Nutrition Facts : Calories 831 calories, Fat 51 grams fat, SaturatedFat 16 grams saturated fat, Carbohydrate 45 grams carbohydrates, Sugar 7 grams sugar, Fiber 7 grams fiber, Protein 50 grams protein, Sodium 2.37 milligram of sodium
CHICKEN FRICASSéE WITH NEW POTATOES & ASPARAGUS
Delicious dairy-free casserole with a creamy cider sauce
Provided by Good Food team
Categories Buffet, Dinner, Lunch, Main course, Supper
Time 40m
Number Of Ingredients 9
Steps:
- Heat the oil in a large frying pan, then fry the bacon for 5 mins on a medium heat until golden. Remove with a slotted spoon and set aside. Add the chicken to the pan, then lightly fry for 4-5 mins to brown on both sides (you may need to brown the chicken in two batches if your pan is not large enough).
- Meanwhile, cook the potatoes in a pan of salted boiling water for 10 mins or until tender. Cook the asparagus in a steamer over the potatoes for 6-8 mins or microwave in a covered dish with 2 tbsp water for 4-5 mins.
- Pour the cider over the chicken, bring to the boil then reduce heat.
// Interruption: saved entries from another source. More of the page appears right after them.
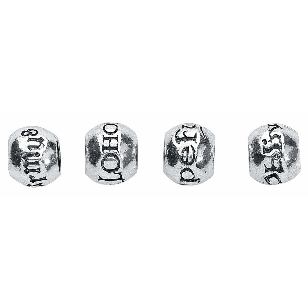 Sada 4 náhodných postříbřených korálků s kouzly na motivy příběhů o čarodějnickém učni Harry Potterovi. Na korálcích můžete nalezt vyrytá tato kouzla: Expelliarmus, Stupefy, Alohomora nebo Obliviate. Korálky jsou kompatibilní s jinými přívěsky a náramky z kolekce Harry Potter.
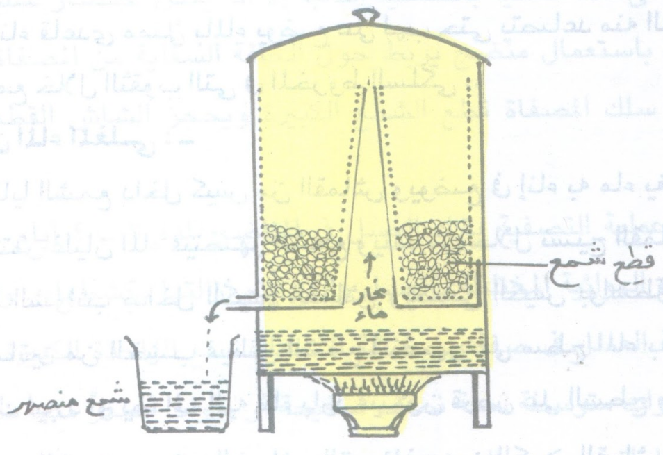 - قفص شبكي بواسطة مخروط متسع من أسفل وضيق من أعلى يركب داخل الوعاء السابق بحيث تترك مسافة بين جدار الوعاء والقفص ثم يوضع بالقفص الشمع المراد فرزه.
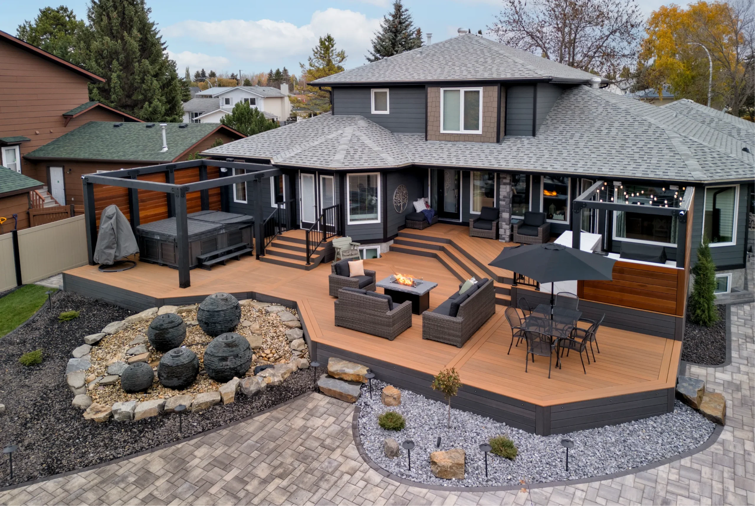 Every project is crafted with care from the ground up. It starts with a solid foundation. Whether it’s concrete or screw piles, we ensure the deck sits on a sound base. Next comes the framing, where we ensure each beam and joist is nailed to meet and exceed Alberta building code. Finally, we add top boards and railings which are installed with precision to give you a beautiful finished product.
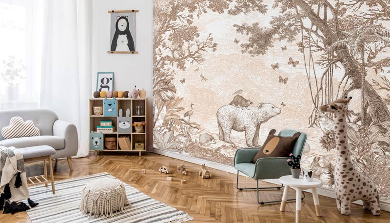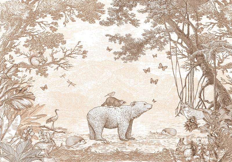 Bringen Sie eine warme und stimmungsvolle Atmosphäre in Ihr Kinderzimmer mit der Tapete Waldtiere - Terracotta. Diese schöne Fototapete zeigt eine gemütliche Szene mit einem Bären und anderen Waldtieren in einer waldigen Umgebung. Die Terrakotta-Töne schaffen einen beruhigenden und stilvollen Look, perfekt für eine gemütliche und natürliche Atmosphäre im Raum.
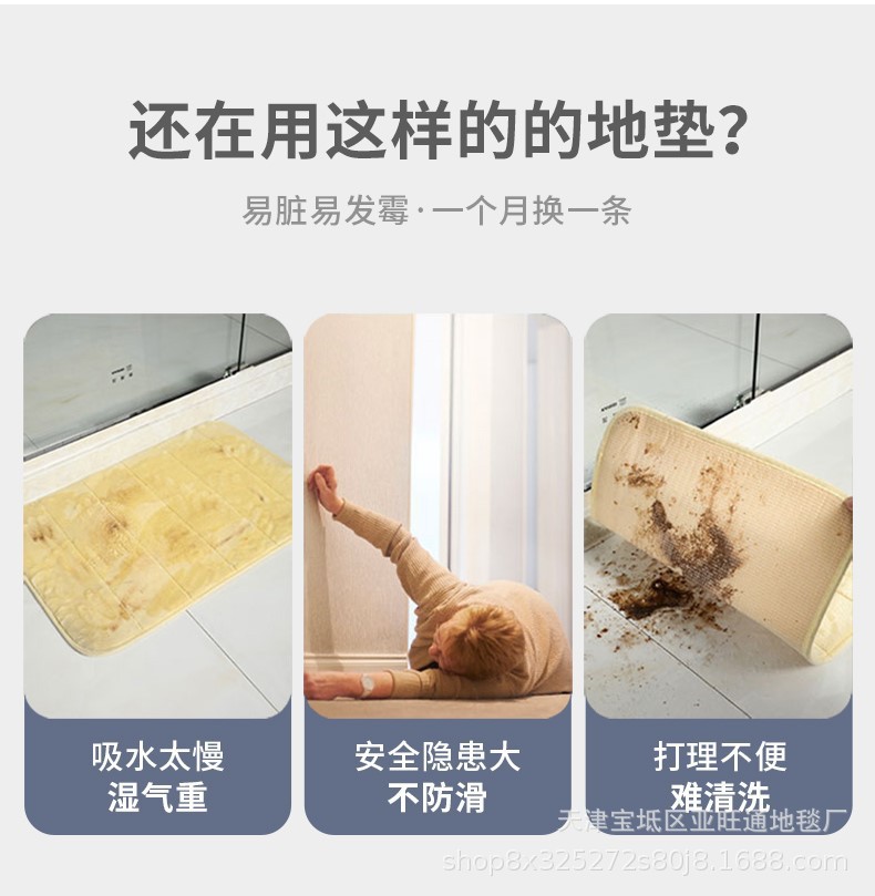 极简纯色地垫厂家批发家用浴室卫生间吸水垫入户门口阻滑硅藻泥垫
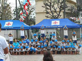 1人ずつの技から始まって、2人・3人・6人と人数が増えて大きな技を披露したはと組さん。
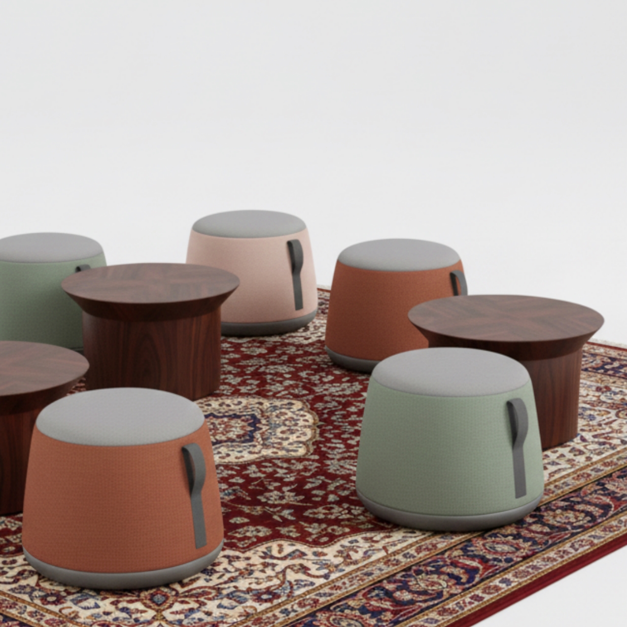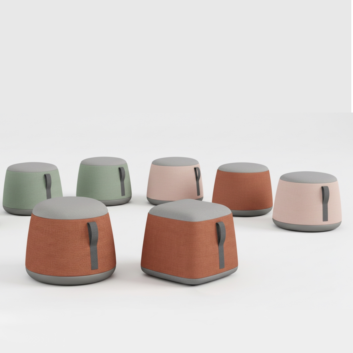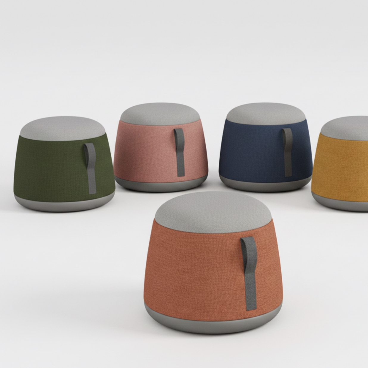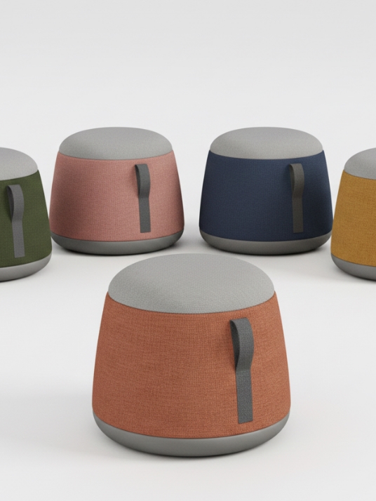 פוף ייחודי מעוגל עם שני גוונים וידית עור

Put the bacon back in the pan and simmer for 10-15 mins until the chicken is cooked through. Stir in the cornflour paste until lightly thickened, then add the Soya Dream and season. Stir in the drained vegetables and sprinkle with chopped parsley before serving.
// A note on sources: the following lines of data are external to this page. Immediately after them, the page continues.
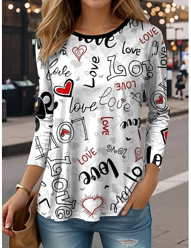 חולצת טריקו לנשים עם שרוולים ארוכים צוואר צוות חולצת טוניק קזואל הדפס טופס רגיל יומי שחור כחול כתום אביב סתיו לפני סתיו
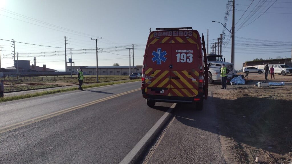 Por volta das 7h, deste sábado (28), a equipe dos Bombeiros foi abordada por um cidadão em frente ao quartel, informando sobre um acidente de trânsito com duas vítimas e possível morte na SC-443, avenida de contorno, em Morro da Fumaça.
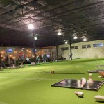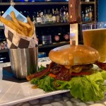 Bowl Games is is a sporting lounge with a restaurant and bar. If you like to both watch and participate in a little competition, this is a great spot for groups or dates. There’s a long bar with more than two dozen craft beers on tap – many local – along with a full bar. We grabbed a spot at the bar, which had a couple of TVs nearby, and ordered a couple of beers along with a burger and fries. The bartender suggested Dallas’ Best Burger ($17), which comes with fries. It’s a tall burger made with ground wagyu, caramelized onions and candied bacon splayed out over a large leaf of lettuce with a special sauce on a toasted brioche bun. This is everything you want a bar burger to be on a Saturday night. The candied bacon, as shown in the picture below, is fighting hard to be the star of the show here. It’s actually a candied bacon burger with some beef and a sheet of lettuce. Reservations for pin toss are highly recommended for the games.
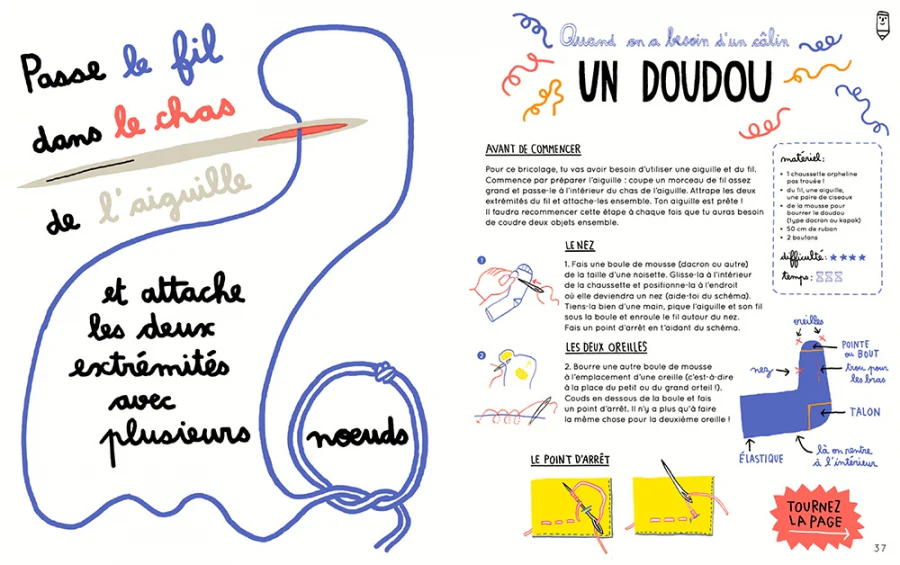 Une cinquantaine d’activités gaiement illustrées, pour permettre aux enfants de construire des objets, de s’initier aux joies de la peinture ou de la couture, de découvrir les ressources de la nature et de fabriquer leurs propres jouets. On pourra ainsi fabriquer un bateau à moteur sans moteur, un doudou à partir d’une chaussette usée, une maison de poupée ou un garage, un mini-labo de petit chimiste, des cartes pop-up pour ses amis, des couronnes de fleurs quand vient le printemps et même du papier cadeau personnalisé !
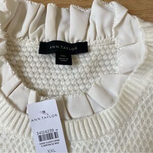 Ann Taylor Classic Ivory/White Knitted Sweater with Ruffled Collar XXL NWT!
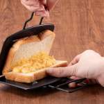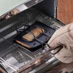 そのままトースターに入れて焼くだけで、外はカリッと、中はとろりとしたホットサンドが完成します。取り出すときはミトンを使えば安心。普段使っているトースターで手軽に作れるのもうれしいポイントです。
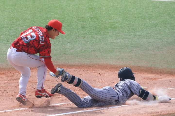 | ~日生貝塚グランド~ 環太平洋大とのOP戦。 施設が立派過ぎるのか、適当な撮影ポジションが見付からないので、 写真リポートは今回限りになります。 |

Nutrition Facts : Calories 378 calories, Fat 13 grams fat, SaturatedFat 2 grams saturated fat, Carbohydrate 24 grams carbohydrates, Fiber 2 grams fiber, Protein 42 grams protein, Sodium 1.11 milligram of sodium
Tips:
- Prepare the squid properly: Clean and cut the squid into bite-sized pieces. Remove the ink sac and any tough membranes. If the squid is large, you may need to parboil it for a few minutes before frying.
- Use a variety of vegetables: This recipe calls for potatoes, onions, and bell peppers. You can also add other vegetables, such as carrots, celery, or zucchini.
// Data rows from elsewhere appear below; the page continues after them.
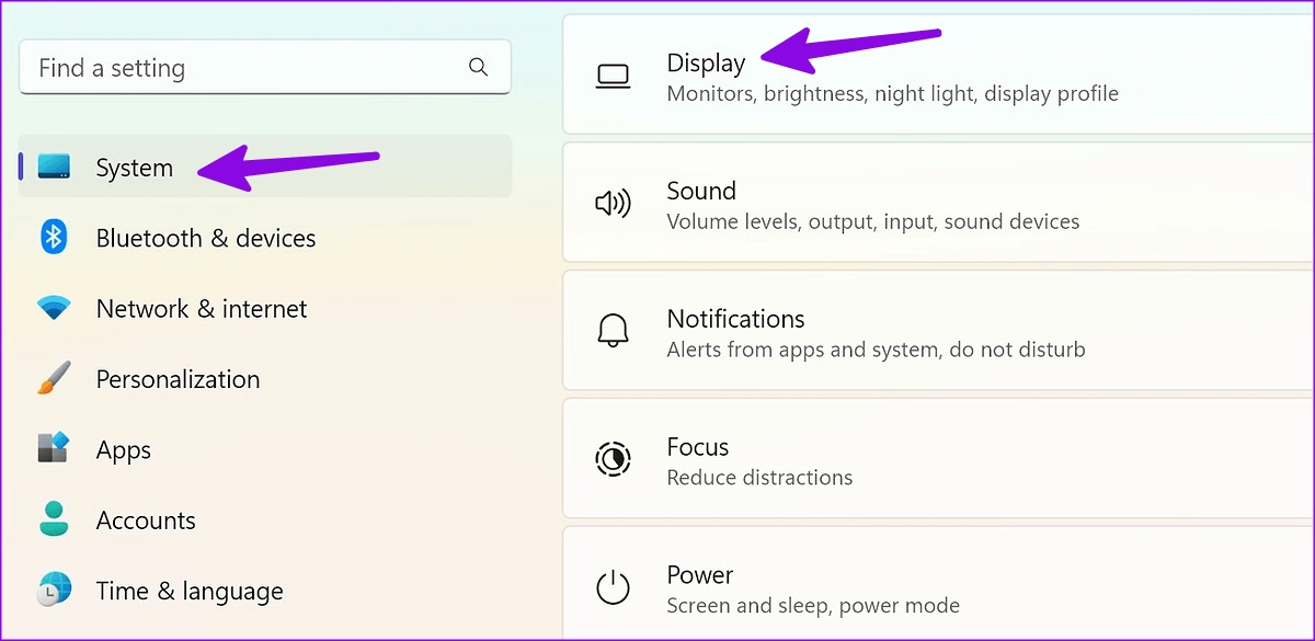 步骤1。按视窗+我打开设置。前往系统菜单并选择展示。
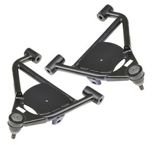 Front lower StrongArms for 1999-2006 Silverado / Sierra 2WD (2007 Classic). For use with CoolRide air springs. Includes a pair of tubular control arms with ball joints, sway bar end links and delrin bushings. Powder coated satin black.
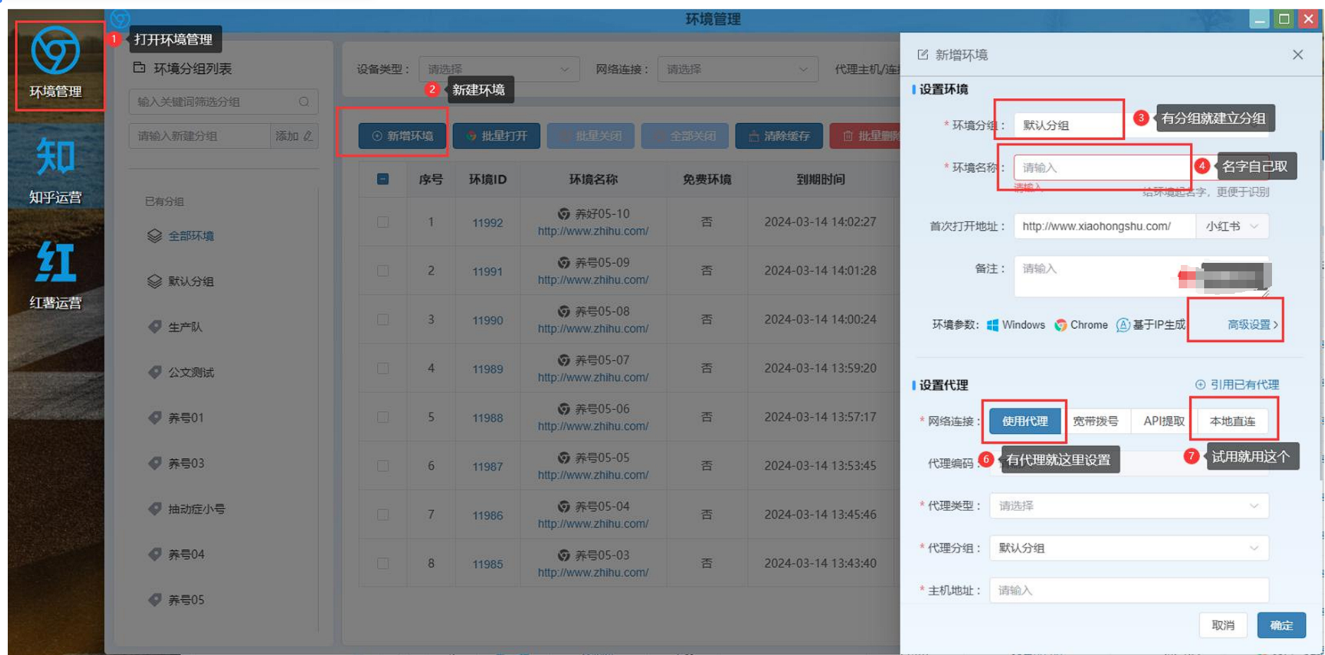 在软件的【环境管理】里面新建账号环境
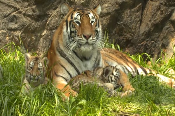 ▼準備完畢後,虎寶寶們就能到戶外玩耍啦。牠們第一次來到戶外有點緊張,但很快就開始到處探索。Mugung看到馬麻在水池裡玩,還想跑去玩水,馬麻為了牠的安全好幾次把牠叼上岸。
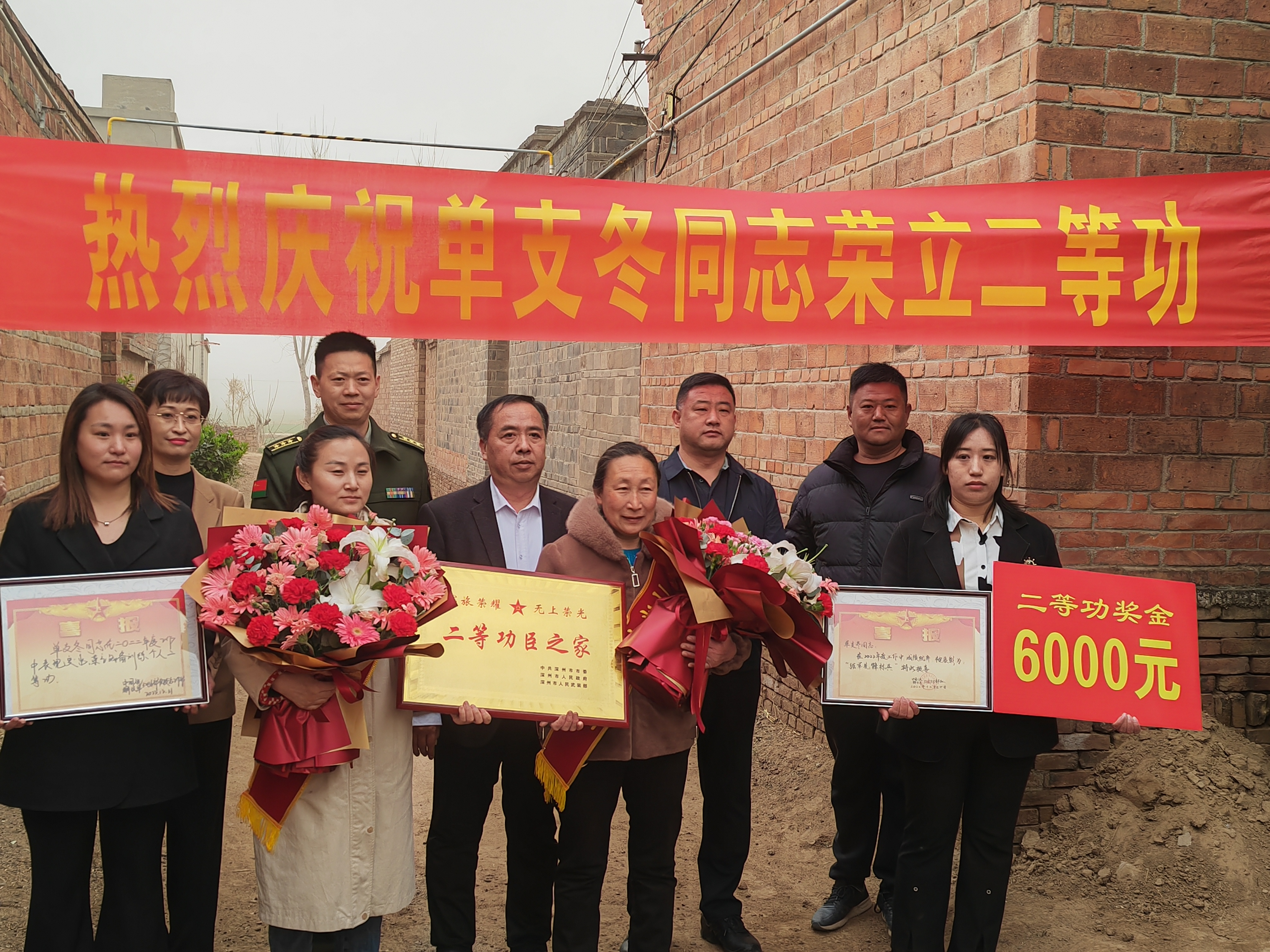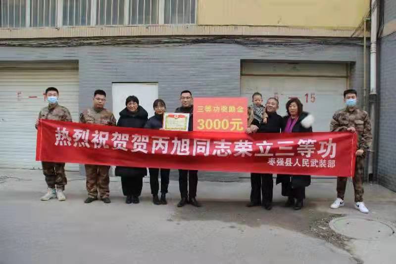 1月7日下午,棗強(qiáng)縣人武部工作人員來(lái)到縣檢察院居民小區(qū)現(xiàn)役軍人賀丙旭家中,專程送上立功喜報(bào)和慰問(wèn)金,并向其全家表示由衷的感謝和祝賀。

- Season the dish to taste: Add salt, pepper, and other spices to taste. You can also add a squeeze of lemon juice or a dash of white wine for extra flavor.
- Cook the dish until the squid is tender: The squid should be cooked through but not overcooked. Overcooked squid will become tough and rubbery.
- Serve the dish hot: Fricassee of squid and potatoes is best served hot. You can garnish it with chopped parsley or cilantro.
Conclusion:
Fricassee of squid and potatoes is a delicious and easy-to-make dish that is perfect for a weeknight meal. It is a good source of protein and vegetables, and it is also low in calories. If you are looking for a new and exciting way to cook squid, this recipe is a great option.